Attorney General Eric Holder has abetted the AP in what the New York Post calls its “year-long, non-stop hit-job” on the NYPD. Holder said that he was “troubled” by the news agencies’ allegations—but he wasn’t troubled enough to pick up the phone and discuss the program with Commissioner Kelly or Mayor Mike Bloomberg, both of whom have adamantly defended the program and the department’s conduct. A Department of Justice “review” of the NYPD program prompted by 34 congressional requests is apparently turning up little. Ditto the CIA’s internal inquiry, prompted in part by the AP’s constant requests for comment on its own stories. The CIA review concluded that the agency hadn’t broken any laws and hadn’t engaged in domestic spying. Its sole criticism was that the agency had failed to supervise adequately an officer assigned to the NYPD. Shocking!

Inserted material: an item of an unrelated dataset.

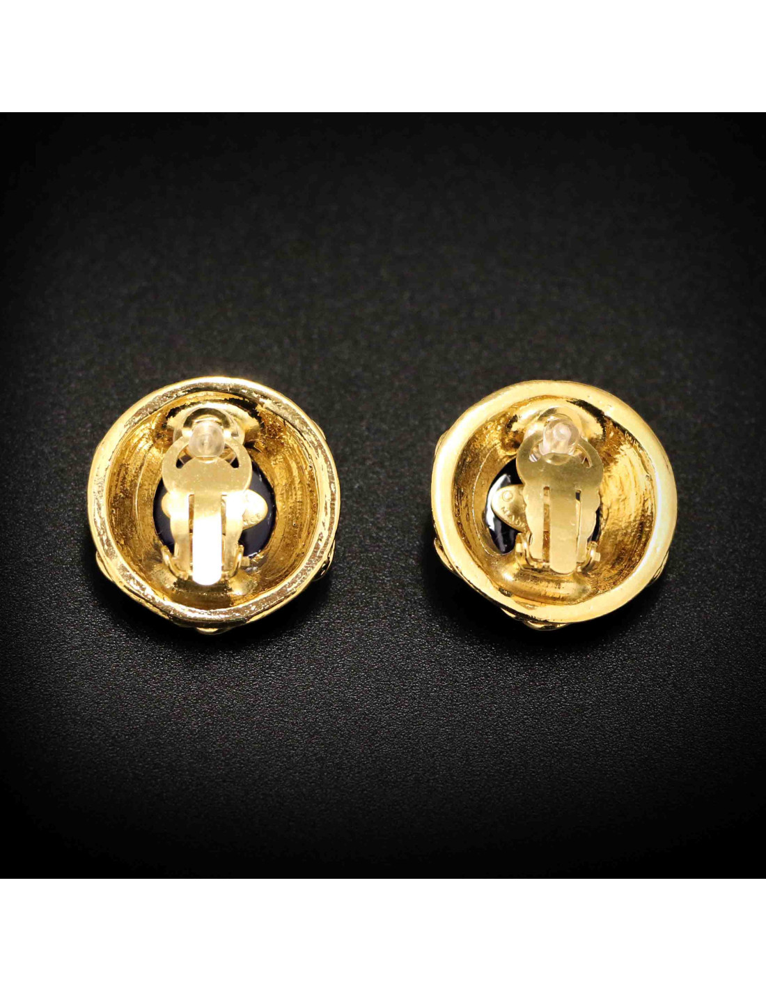 Last items in stock EARRINGS CHANEL vintage clip-on earrings in gilded metal and pearls CHANEL 20372 1,250.00 € Couture! vintage CHANEL clip-on earrings in gilded metal, pearls in the shape of pearly petals and black pearl in the center. Letter S engraved. It comes from press sales. Dimensions: diameter of clip-on earring : 4,5 cm Will be delivered in a Valois Vintage Paris Dustbag Add to cart

Say one thing for the Pulitzer jury: its timing was exquisite. As its prizes were announced, the trial of three homegrown Muslim militants accused of trying to carry out the most serious assault on the city since 9/11 got under way in a federal courthouse in Brooklyn. On Monday, one of the confessed terrorists, Zarein Ahmedzay, testified that the three young men, all former classmates at a high school in Queens, had considered bombing movie theaters, Grand Central Terminal, and Times Square before deciding in 2009 on a suicide mission in the subway. On Tuesday, Najibullah Zazi, the plot’s mastermind, told the court that he had grown to believe that the force behind 9/11 was “America itself.” The third member of the group—Adis Medunjanin, the only one to deny the charges—says that he didn’t want to carry out a suicide mission in the subway; he only wanted to defend innocent Muslims from American soldiers fighting abroad. Medunjanin, who attended Queens College, had been active in the Muslim Student Association, by the way—one of the organizations that the AP criticized the NYPD for monitoring.

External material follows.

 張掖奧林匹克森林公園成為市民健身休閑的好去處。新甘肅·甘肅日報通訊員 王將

Even the Pulitzer panel could not bring itself to echo the AP’s baseless suggestions of NYPD illegality. In its citation, it credited the AP with “spotlighting” the NYPD’s “spying program,” noting that it had resulted in “congressional calls for a federal investigation, and a debate over the proper role of domestic intelligence gathering.” That’s not the way most New Yorkers see it. A recent Quinnipiac poll showed overwhelming support for both the NYPD’s efforts—which have helped thwart 14 terrorist plots against the city, police say—and its methods. The poll shows that 58 percent of New Yorkers disagree with the AP’s claim that the NYPD “has unfairly targeted Muslims.” Over 80 percent call the NYPD “effective in combating terrorism.”

Most New Yorkers saw the AP campaign for what it was: manufactured news that played to left-wing stereotypes about police and law enforcement excesses. And as the New York Post suggested, the prize says more about the state of mainstream journalism than about the NYPD. Fortunately, New Yorkers don’t depend on either the AP or the Pulitzer jury to keep their city safe.